Identifying patients who are candidates for SSI/Medicaid, but don’t yet qualify, requires a level of sophistication in data analysis beyond data mining. It requires knowledge of “indicators” that point toward eligibility. These “indicators” are used in a “rule based decision making system.” In other words, Ontash utilizes Artificial Intelligence (AI) algorithms, applied to patient medical records to comb through tens of thousands of data variables to produce a manageable pool of prospective SSI/Medicaid candidates, for which a concerted effort will be expended to gain benefit status. The system improves itself over time by analyzing the accuracy of past decisions. The SSI Enrollment process often takes 2 years or more and requires hundreds of man-hours to accomplish. So, QRS depends heavily on the accuracy of Ontash AI applications.

A pilot program for SSI Enrollment, again hosted in the Azure cloud, and utilizing Ontash AI to identify candidate patients and has yielded $1.5 million for the hospital in its first year of operation. This technology will also be used to identify subsets of a patient population for intervention in order to improve healthcare and reduce costs.

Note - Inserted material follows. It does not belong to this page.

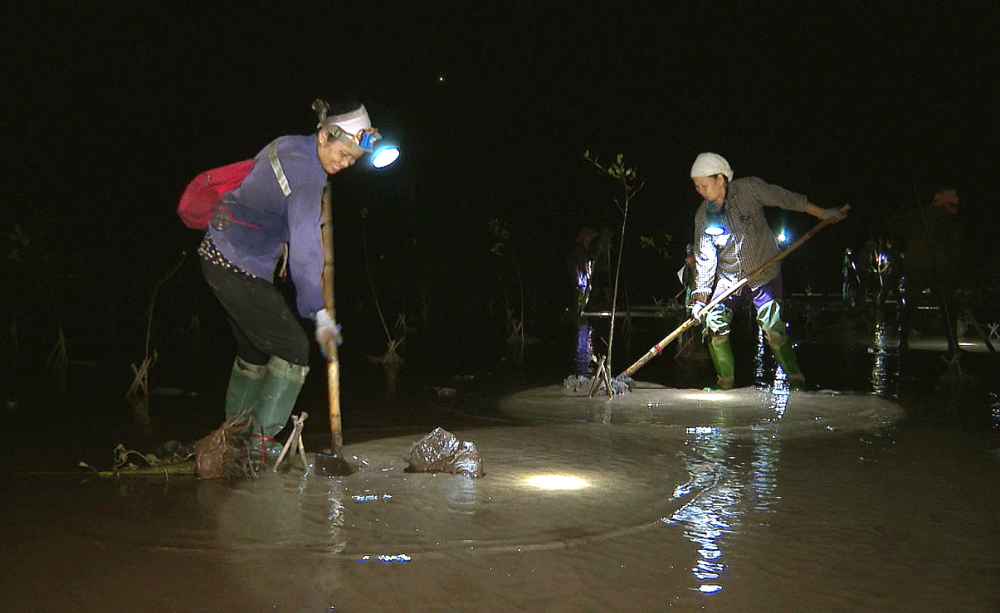 Có những hôm triều rút lúc nửa đêm, cả nhóm vẫn hẹn nhau ra bãi. Giữa bãi bùn mênh mông, ánh đèn pin lấp lánh, tiếng gọi nhau í ới trong gió biển đã trở thành hình ảnh quen thuộc với người dân nơi đây. Có hôm trời lạnh cắt da, gió biển thổi hun hút; có hôm mưa phùn, bùn nhão đến mắt cá chân, họ vẫn đi, bởi họ hiểu rằng rừng là tấm lá chắn của làng biển.

Ontash Data Analytics In The Works

On a very granular level: Ontash is currently developing software tools that monitor a hospital’s patient population to predict which individuals are likely to cycle through hospital services at a high rate. These predictions may be used to intervene early, so treatment may be administered to break the cycle – improving healthcare and saving costs.

On a macro level: Ontash is developing software tools to forecast surges in patient demand, based on historical activity, weather, holidays and other factors that drive patient admissions. Using this kind of predictive modeling, hospitals will be able to optimize staffing for ER, rehab populations, special surgical procedures and even for day-to-day nursing rosters.

Health IT Services

Ontash uses its extensive experience (over 10 years) in providing Medicare reimbursement services to also provide core IT services to the Healthcare Industry.